ANATOLE BROYARD, KAFKA WAS THE RAGE: A GREENWICH VILLAGE MEMOIR, 1993
Broyard’s memoir preserves the Platonic ideal of Greenwich Village: a cultural hub in which bohemians slept with abstract painters, bumped into W. H. Auden at the corner store, visited Anaïs Nin’s apartment, studied Picasso at the New School, had drinks with Delmore Schwartz, and got psychoanalyzed by the expatriate cream of intellectual Europe.
MICHAEL CHABON, THE AMAZING ADVENTURES OF KAVALIER & CLAY, 2000
WWII-era New York as a magic box bursting with genre-dorkiness—comic books, sorcery, hair-raising escapes, and Chabon’s signature abracadabra prose (the East River is a “flatulent poison-green ribbon”).
ADRIAN NICOLE LEBLANC, RANDOM FAMILY, 2003
LeBlanc immersed herself for a decade in one of the Bronx’s poorest neighborhoods; it turns out life there is less like Boyz N the Hood than like a nightmarishly exaggerated Jane Austen novel: tangled domestic plots (yearning, affairs, disputed parentage) infinitely folded over on themselves.

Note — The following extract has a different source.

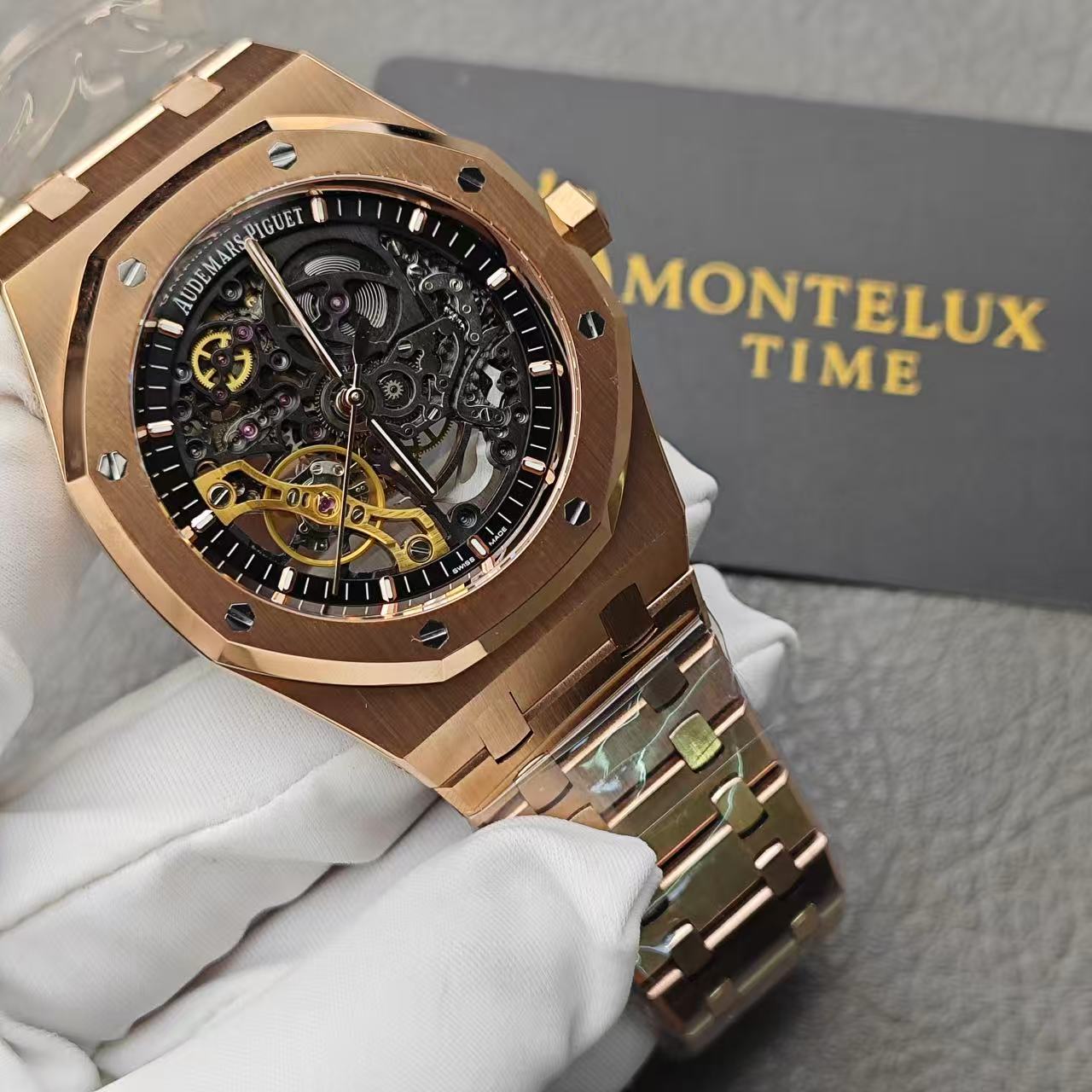 Case size: 41mm Dial: Open-worked dial Material: Rose Gold Plated Stainless Steel Movement: Exact Clone Movement Functions: Seconds, hours and minutes Hour Markers: Index Luminiscence: Hands and markers Water-resistance: 50 Meters Power Reserve: 48 Hours Extra-Thin Audemars Piguet royal Oak ref.15407 is high end mirror Copy and is exclusively available for sale…Do check out our in-house clicked video to see what will the watch look like when you receive it.

ANNE WINTERS, THE DISPLACED OF CAPITAL, 2004
These poems (including “A Sonnet Map of Manhattan”) document the human cost of New York’s position as the world capital of capitalism: “our fabled ‘texture’ of foreign / and native poverties.”
RICHARD PRICE, LUSH LIFE, 2008
For years, NYPD bureaucracy denied research-addicted novelist Richard Price access to the city’s cops, forcing him to write about his hometown’s problems (crack, projects) via the fictional Dempsy, New Jersey. A few years ago, he finally got access; the result is a densely reported police procedural and a diagnostic X-ray of every stratum of the modern Lower East Side.